A notice board hanging on the entrance gate to the house of the great Hindu reformer Swami Vivekanand house in Kolkata has a stern warning: “Conducting political meetings in front of Swami’s statue is prohibited”.

Just inside stands a huge metal statue of the Hindu monk, under which a marble inscription says, “Swami Vivekanand was born in this house on 12 January 1863”.

Swami Vivekanand, who propounded the theory of Vedantic Humanism and spoke against casteism, was the first among Bengali icons to be appropriated by the RSS-BJP to propagate their Hindutva ideology.

However, this Hindutva ideology has failed to garner any traction in the area where Vivekanand was born in Kolkata in the Assembly polls underway in West Bengal.

The locality, called Maniktala, comes under the Jorasanko Assembly seat which has been a TMC stronghold since 2001. Despite tremendous effort, the BJP has so far failed to make any inroads here.

An RSS supporter who is a businessman complained about the ‘division of Hindu votes’. Saying that Hindus are not united in the area, he contended, “Hindu votes are divided among three parties – BJP, TMC and Left-Congress – while Muslim voters are united.”

Though the Assembly seat has a mixed population comprising of people who have migrated from Bihar, Rajasthan and Marwaris, data shows that Hindus here give priority to their political ideology over religious identity when it comes to choosing their representative for the state Assembly.

That is why, perhaps, to try and stop Hindu votes from being split, the BJP fielded a Marwari, Meena Purohit.

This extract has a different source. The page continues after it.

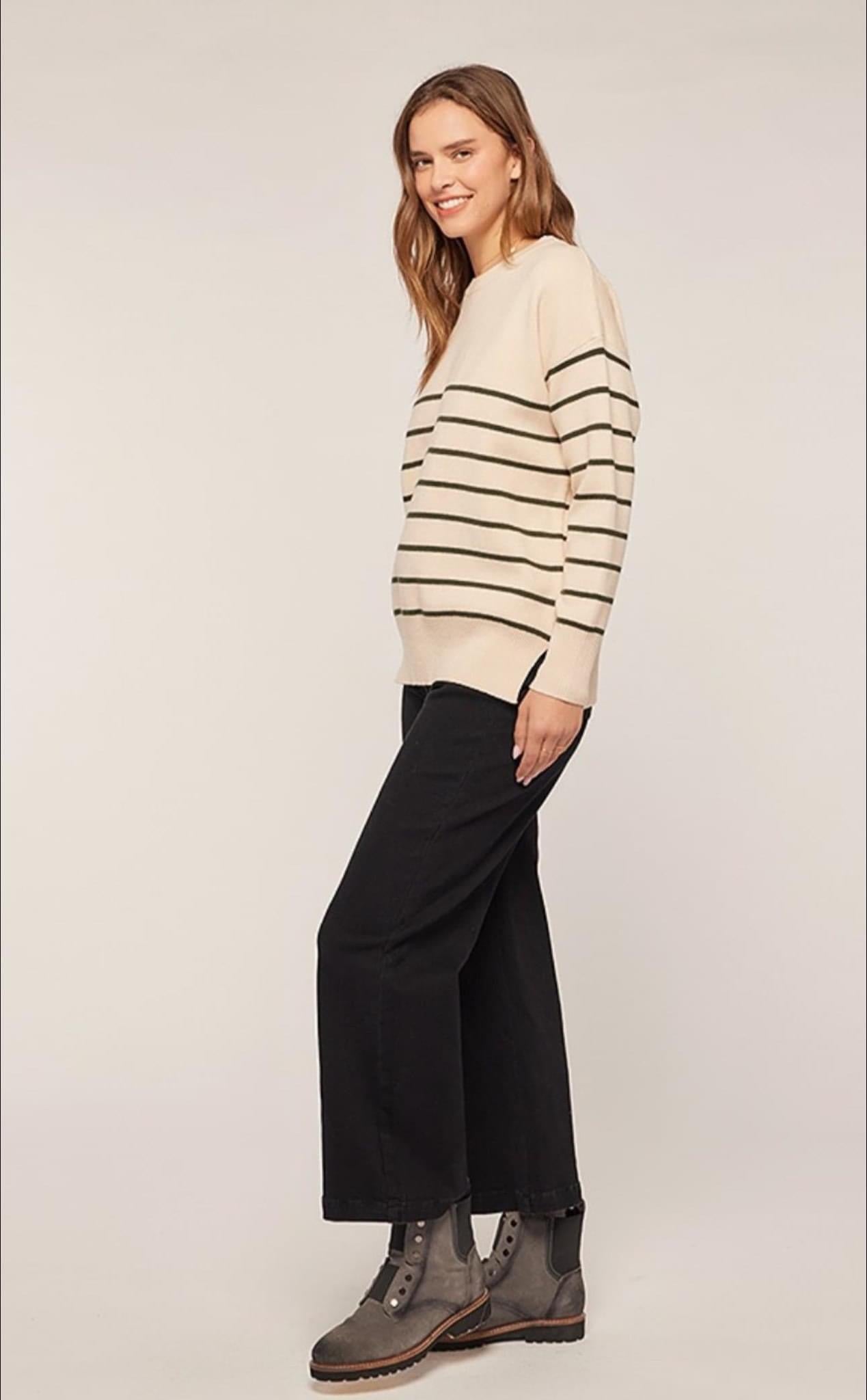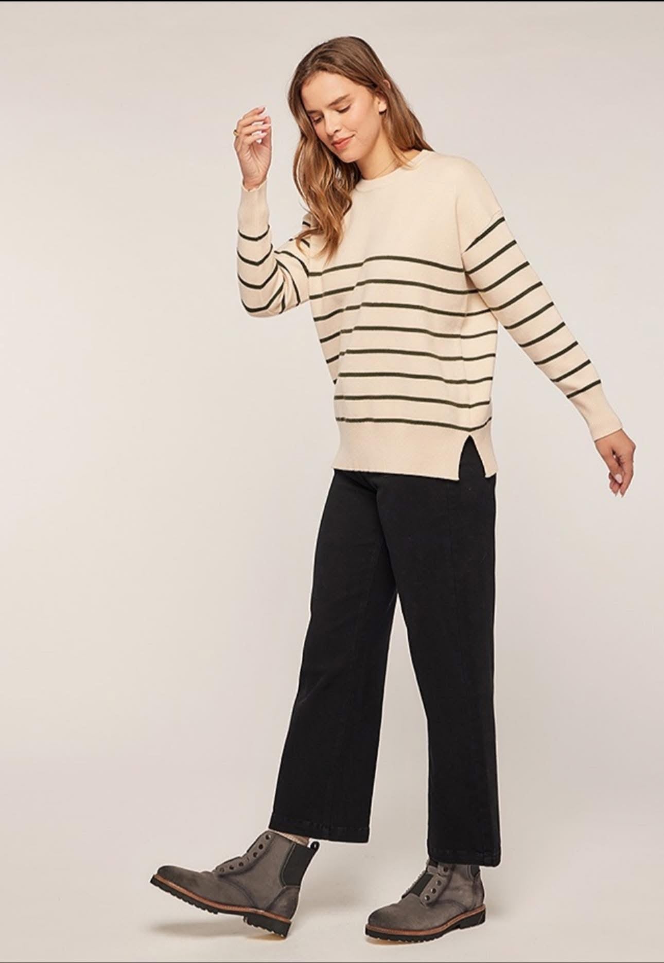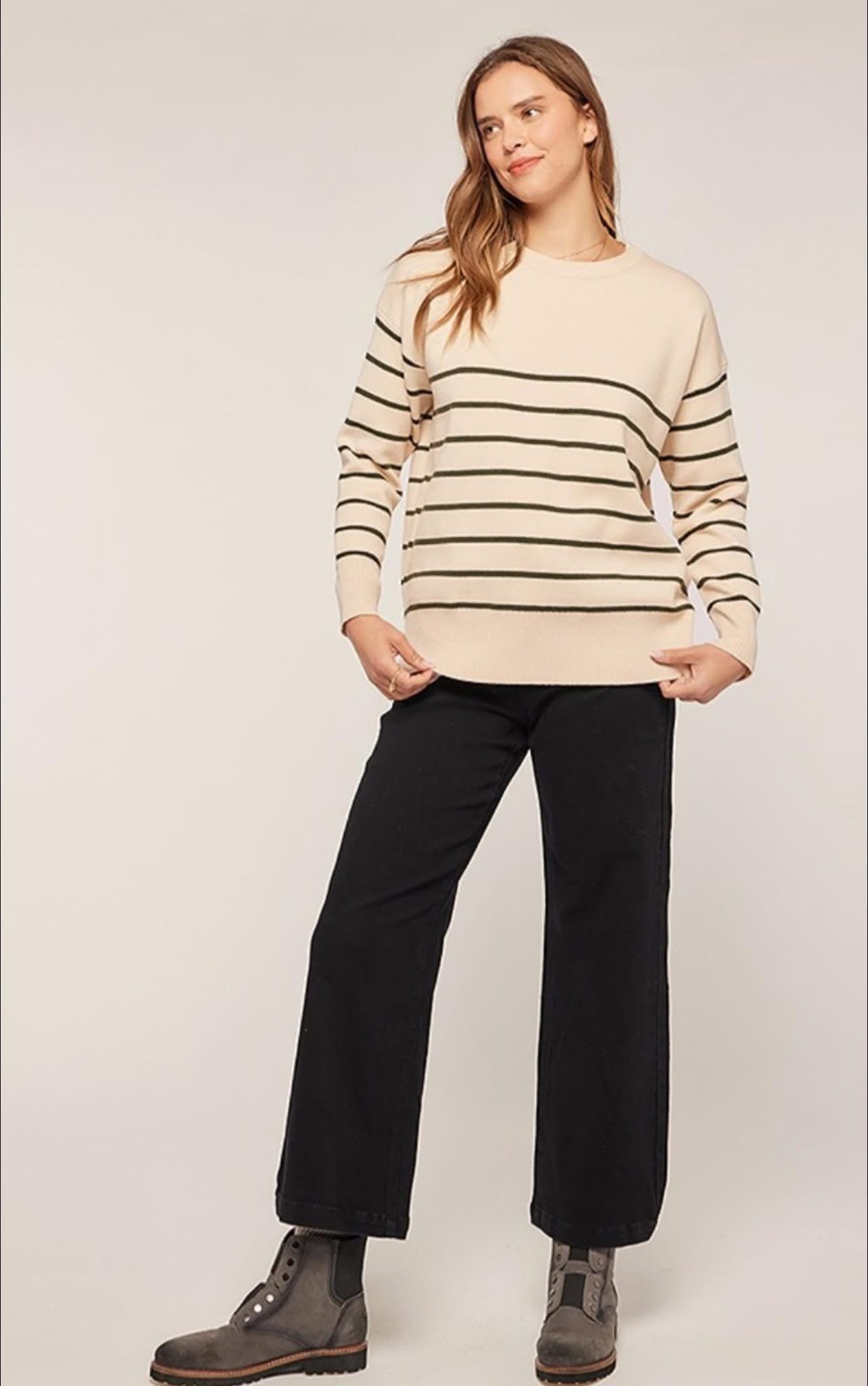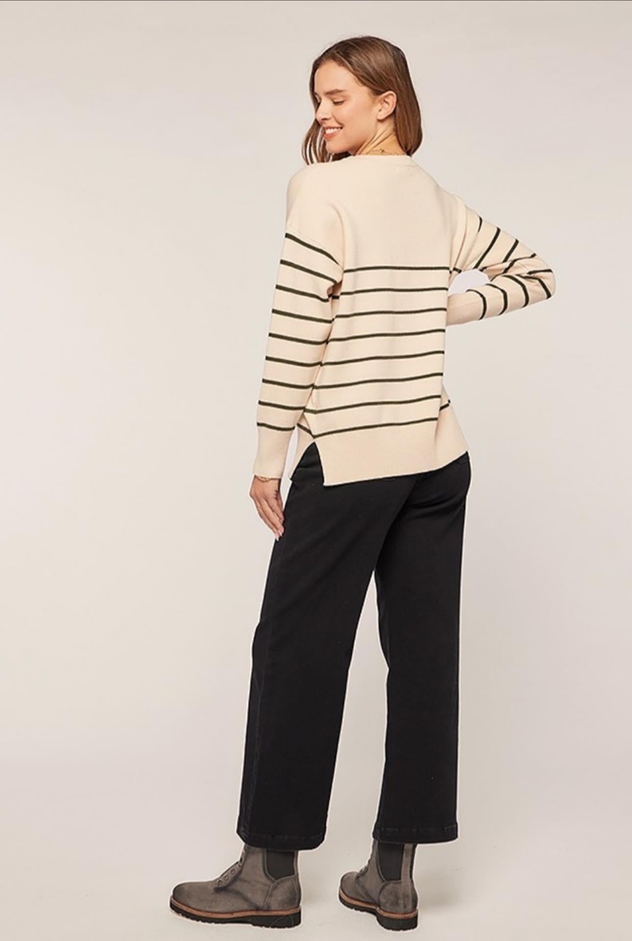 OATMEAL/DARK GREEN STRIPE SWEATER

However, the TMC fielded Vivek Gupta, who is also a Marwari and a respected businessman, potentially spoiling the BJP’s chance.

Gupta, who owns ‘Sanmarg’, one of the oldest Hindi newspapers published from Kolkata, is said to have an edge over the BJP candidate because of support from the Muslim community, perceived to be favouring the TMC.

The owner of a grocery shop adjacent to Vivekanand’s house said the BJP was finding it hard to get any support as people in the locality had been living together for ages. “Hindus here celebrate Muslim festivals and Muslims do not hesitate to perform Hindu rituals. During the Left regime, emphasis was laid on cultural assimilation,” he said.

Another young man who had come to visit Vivekanand’s house said, “Swami Vivekanand is regarded as a saint, spiritual leader and revolutionary reformer, not as a representative of political Hindutva.”

Another person, Prasoon Kant, who runs a book shop on College Street, said that in his opinion, West Bengal needed a Left government, but “this was unlikely to happen in this election”.

He also contended that support for the BJP was not due to Hindutva politics but anti-incumbency against the TMC government. “The Mamata government is fighting a tough battle this time due to allegations of corruption and nepotism against it,” he said.

Jorasanko was traditionally a Congress bastion, except when Vishnu Kant Shastri, former governor of Uttar Pradesh, won the seat for Janata Party in 1977.